[Directions for this task]
In the copy of the lines below, leave out pictures and print everything else exactly.

[Recorded information]

§

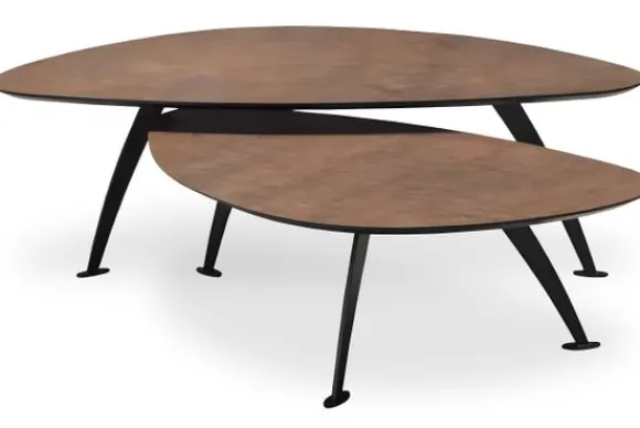 Salontafelset Bogota van het merk Every Table is een unieke tafel met een klassieke uitstraling met een kiezel vormig blad. Het blad van de tafel is gemaakt van HPL (geperst hout) met een bovenlaag van houtstructuur, marmerstructuur of een ander materiaalstructuur. Deze bovenlaag is ijzersterk en zorgt ervoor dat het blad kras-, slijt en stootvast is. Daarnaast is het eenvoudig te onderhouden.
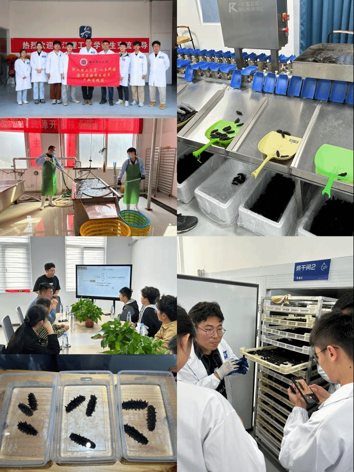 随后,实践团来到莱山区参船长海参合作社,进一步了解学习海参的工厂化加工流程企业负责人及相关工作人员为师生们展示了海参的加工全流程,包括初步蒸煮、二次清洗、低温风干、高温烘干、外形修整、产品分级、产品储存等。在参观过程中,师生们了解到风干的过程中海参表面会析出盐分和其他分泌物,蒸煮是去除杂质和提高产品质量的关键过程,控制蒸煮时间和温度是每个工厂“大师傅”的独门绝技,也体会到了海洋资源产品生产标准化工艺的重要性。工作人员介绍,海参加工产品需要一系列的质检环节,包括蛋白质、多糖等功能物质含量抗生素、农药残留含量,甚至放射性元素含量的检测。企业负责人欢迎同学们回校后将海参产品检测作为课题继续开展产业实践。在工作人员的帮助下,师生们进行了海参泡发,还品尝了工厂正在研制的原味海参,对于海参应该如何泡发、海参泡发过程以及泡发完全后的形态有了深入的认识,同时也通过了解原味海参与泡发海参的口感显著差异,深刻体会到海参深加工技术开发的必要性。
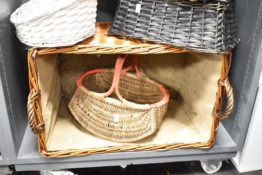 A selection of vintage wicker baskets of varying shapes and sizes, to include picnic baskets and storage baskets; sold with an early 20th-century handmade traditional British teddy bear, dressed in a hand-knitted red and blue sweater with grey fabric trousers, and a Gund Classic Pooh ‘My First Pooh Bear’ soft toy, featuring buttery soft yellow fur in the style of Ernest H. Shepard’s original illustrations, (6 baskets and 2 teddy bears), condition consistent with age and use, the handmade teddy well loved.
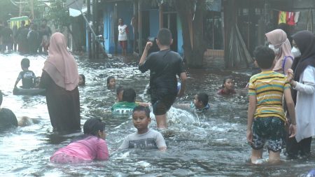 “Jalanan yang terendam banjir ini seperti objek wisata dadakan bagi warga di setiap sore hari,” Salah satu warga, Nurhayati.

§

[Response below]
 Salontafelset Bogota van het merk Every Table is een unieke tafel met een klassieke uitstraling met een kiezel vormig blad. Het blad van de tafel is gemaakt van HPL (geperst hout) met een bovenlaag van houtstructuur, marmerstructuur of een ander materiaalstructuur. Deze bovenlaag is ijzersterk en zorgt ervoor dat het blad kras-, slijt en stootvast is. Daarnaast is het eenvoudig te onderhouden.
 随后,实践团来到莱山区参船长海参合作社,进一步了解学习海参的工厂化加工流程企业负责人及相关工作人员为师生们展示了海参的加工全流程,包括初步蒸煮、二次清洗、低温风干、高温烘干、外形修整、产品分级、产品储存等。在参观过程中,师生们了解到风干的过程中海参表面会析出盐分和其他分泌物,蒸煮是去除杂质和提高产品质量的关键过程,控制蒸煮时间和温度是每个工厂“大师傅”的独门绝技,也体会到了海洋资源产品生产标准化工艺的重要性。工作人员介绍,海参加工产品需要一系列的质检环节,包括蛋白质、多糖等功能物质含量抗生素、农药残留含量,甚至放射性元素含量的检测。企业负责人欢迎同学们回校后将海参产品检测作为课题继续开展产业实践。在工作人员的帮助下,师生们进行了海参泡发,还品尝了工厂正在研制的原味海参,对于海参应该如何泡发、海参泡发过程以及泡发完全后的形态有了深入的认识,同时也通过了解原味海参与泡发海参的口感显著差异,深刻体会到海参深加工技术开发的必要性。
 A selection of vintage wicker baskets of varying shapes and sizes, to include picnic baskets and storage baskets; sold with an early 20th-century handmade traditional British teddy bear, dressed in a hand-knitted red and blue sweater with grey fabric trousers, and a Gund Classic Pooh ‘My First Pooh Bear’ soft toy, featuring buttery soft yellow fur in the style of Ernest H. Shepard’s original illustrations, (6 baskets and 2 teddy bears), condition consistent with age and use, the handmade teddy well loved.
 “Jalanan yang terendam banjir ini seperti objek wisata dadakan bagi warga di setiap sore hari,” Salah satu warga, Nurhayati.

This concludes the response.